=== Begin Enclosure ===
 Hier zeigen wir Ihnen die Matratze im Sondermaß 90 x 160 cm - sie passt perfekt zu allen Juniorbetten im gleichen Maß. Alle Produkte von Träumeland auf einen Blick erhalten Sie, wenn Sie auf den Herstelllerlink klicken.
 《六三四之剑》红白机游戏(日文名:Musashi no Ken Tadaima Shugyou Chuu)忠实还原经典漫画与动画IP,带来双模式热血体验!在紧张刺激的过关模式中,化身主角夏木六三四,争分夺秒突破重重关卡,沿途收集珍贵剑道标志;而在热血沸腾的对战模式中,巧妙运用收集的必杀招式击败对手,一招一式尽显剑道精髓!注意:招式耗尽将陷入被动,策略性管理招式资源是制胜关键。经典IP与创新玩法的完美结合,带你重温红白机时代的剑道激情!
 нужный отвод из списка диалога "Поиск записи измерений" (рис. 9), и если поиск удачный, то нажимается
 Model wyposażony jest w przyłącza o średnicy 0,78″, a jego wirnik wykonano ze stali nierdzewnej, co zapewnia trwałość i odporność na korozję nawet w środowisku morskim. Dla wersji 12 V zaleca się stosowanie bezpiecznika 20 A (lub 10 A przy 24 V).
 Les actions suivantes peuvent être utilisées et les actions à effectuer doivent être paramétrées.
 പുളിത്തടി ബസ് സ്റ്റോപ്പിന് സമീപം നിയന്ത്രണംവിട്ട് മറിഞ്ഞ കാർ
=== End Enclosure ===
=== Begin Enclosure ===
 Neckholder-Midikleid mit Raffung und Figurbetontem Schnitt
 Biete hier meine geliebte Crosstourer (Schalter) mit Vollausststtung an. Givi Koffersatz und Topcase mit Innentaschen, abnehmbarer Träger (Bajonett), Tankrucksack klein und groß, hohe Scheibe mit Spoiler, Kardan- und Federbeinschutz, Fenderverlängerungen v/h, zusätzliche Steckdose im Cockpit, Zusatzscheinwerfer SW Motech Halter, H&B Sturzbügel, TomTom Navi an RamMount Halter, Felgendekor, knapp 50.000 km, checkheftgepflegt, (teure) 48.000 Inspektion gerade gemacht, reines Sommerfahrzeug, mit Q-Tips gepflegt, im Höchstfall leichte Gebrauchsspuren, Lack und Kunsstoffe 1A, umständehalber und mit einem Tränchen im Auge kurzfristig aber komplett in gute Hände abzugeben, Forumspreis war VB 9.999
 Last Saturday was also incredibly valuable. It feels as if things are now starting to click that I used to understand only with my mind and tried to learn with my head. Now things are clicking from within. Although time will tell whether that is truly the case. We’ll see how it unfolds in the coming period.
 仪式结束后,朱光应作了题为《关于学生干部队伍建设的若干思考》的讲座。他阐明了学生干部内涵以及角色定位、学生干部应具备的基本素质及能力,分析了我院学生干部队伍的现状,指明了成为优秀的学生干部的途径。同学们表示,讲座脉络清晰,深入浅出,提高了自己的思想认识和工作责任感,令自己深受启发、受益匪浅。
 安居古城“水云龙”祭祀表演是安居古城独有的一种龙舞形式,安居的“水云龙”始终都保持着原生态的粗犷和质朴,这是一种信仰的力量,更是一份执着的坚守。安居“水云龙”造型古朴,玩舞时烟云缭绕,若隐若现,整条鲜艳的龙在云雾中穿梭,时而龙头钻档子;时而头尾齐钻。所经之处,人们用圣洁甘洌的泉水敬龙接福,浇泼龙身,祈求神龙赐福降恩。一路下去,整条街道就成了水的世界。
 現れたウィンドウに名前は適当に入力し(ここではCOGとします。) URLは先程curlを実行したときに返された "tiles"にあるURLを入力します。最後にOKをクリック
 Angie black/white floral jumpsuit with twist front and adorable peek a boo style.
=== End Enclosure ===
**Required work**.
Return, from the data above, each line in which the string "with" appears.

**Result for this exercise**.
 Last Saturday was also incredibly valuable. It feels as if things are now starting to click that I used to understand only with my mind and tried to learn with my head. Now things are clicking from within. Although time will tell whether that is truly the case. We’ll see how it unfolds in the coming period.
 Angie black/white floral jumpsuit with twist front and adorable peek a boo style.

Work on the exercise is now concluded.